Verify that the Start State of the Simulated NFA is correct. (This is the next-to-the-last line, with "st" at the end.) [As an answer you can just do "mumble-mumble go from here to there", or better (but not required) show roughly how the depth-first search would proceed.]
Verify that the last line is correct. This is the subset resulting from processing an input "a". (You must "show your work", meaning that you must give the set of states you find as being at the head of arrows labeled "a", and then show the result of the ε-closure.)

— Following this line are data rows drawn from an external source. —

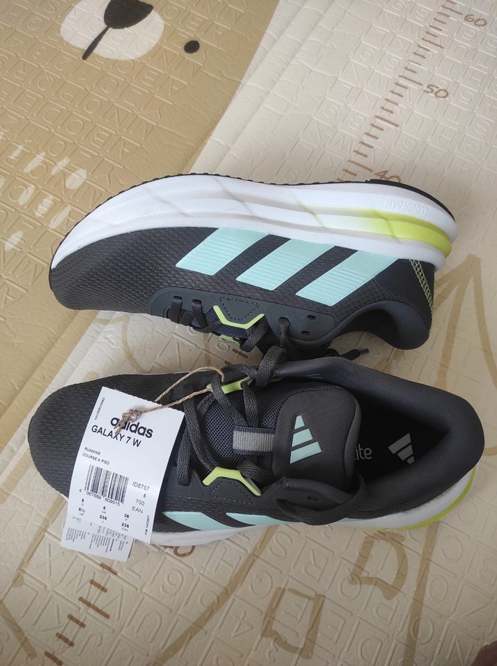 Adidas Galaxy 7 W gri kadın spor ayakkabısı, kauçuk tabanlı ve baskılı desenli, trend sokak stili için uygundur.
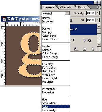 按alt + 后退键填充。再选择layer面板上方的状态栏下拉菜单,选择color.如图8所示。保证是继续选择的文字选区。
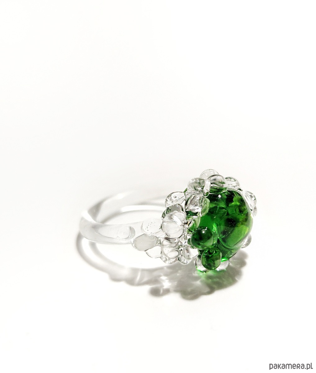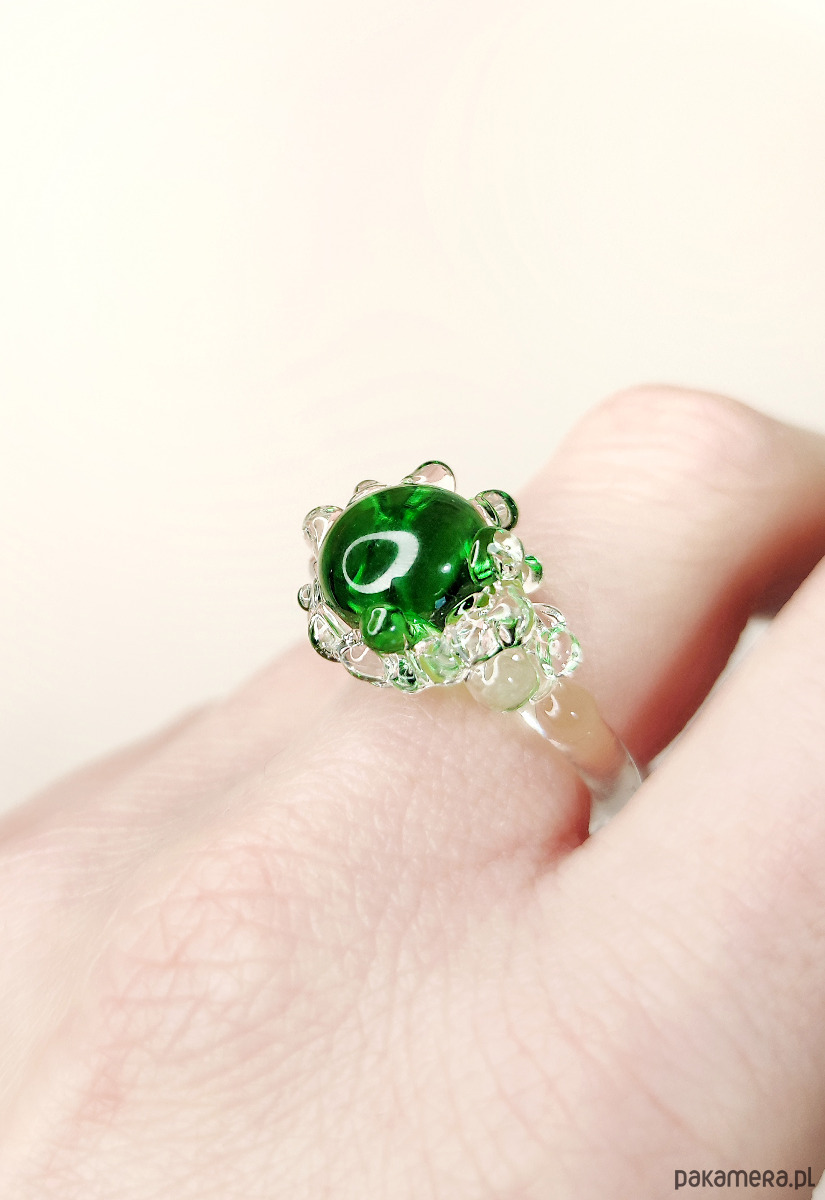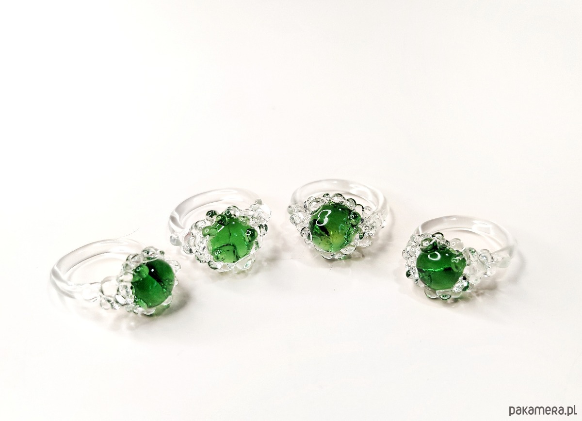 Pamiętaj, że szkło borokrzemowe, z którego został wykonany Twój pierścionek jest jednym z najwytrzymalszych rodzajów szkła, dlatego nie obawiaj się nosić szklanej biżuterii na co dzień :)

Calculate the next two lines by hand, assuming the further inputs (after the initial "a") are "b" and then "c". Give the resulting lines. (Again, in these two cases you must "show your work" as above.)

Partial Answer to 4


RE: /(a|b|c)*/
RE (RPN form): ab|c|*$
Graph (internal form):
   0 --> [a, 1]
   1 --> [@, 5]
   2 --> [b, 3]
   3 --> [@, 5]
   4 --> [@, 2] --> [@, 0]
   5 --> [@, 9]
   6 --> [c, 7]
   7 --> [@, 9]
   8 --> [@, 6] --> [@, 4]
   9 --> [@, 8] --> [@,11]
s 10 --> [@,11] --> [@, 8]
t 11 -->


Auto: start: 10, term: 11
Total states: 12
Input string: abcab$
execNFA: execStr: abcab$, states: 100
 |                     1 1 
 | 0 1 2 3 4 5 6 7 8 9 0 1 
 | - - - - - - - - - - - - 
 : 0 0 0 0 0 0 0 0 0 0 1 0  s
 : 1 0 1 0 1 0 1 0 1 0 1 1  st
a: 1 1 1 0 1 1 1 0 1 1 0 1  t
b: 1 0 1 1 1 1 1 0 1 1 0 1  t
c: 1 0 1 0 1 0 1 1 1 1 0 1  t
------------------------------
(below not asked for)
a: 1 1 1 0 1 1 1 0 1 1 0 1  t
b: 1 0 1 1 1 1 1 0 1 1 0 1  t

( Revision date: 2014-10-06. Please use ISO 8601, the International Standard Date and Time Notation.)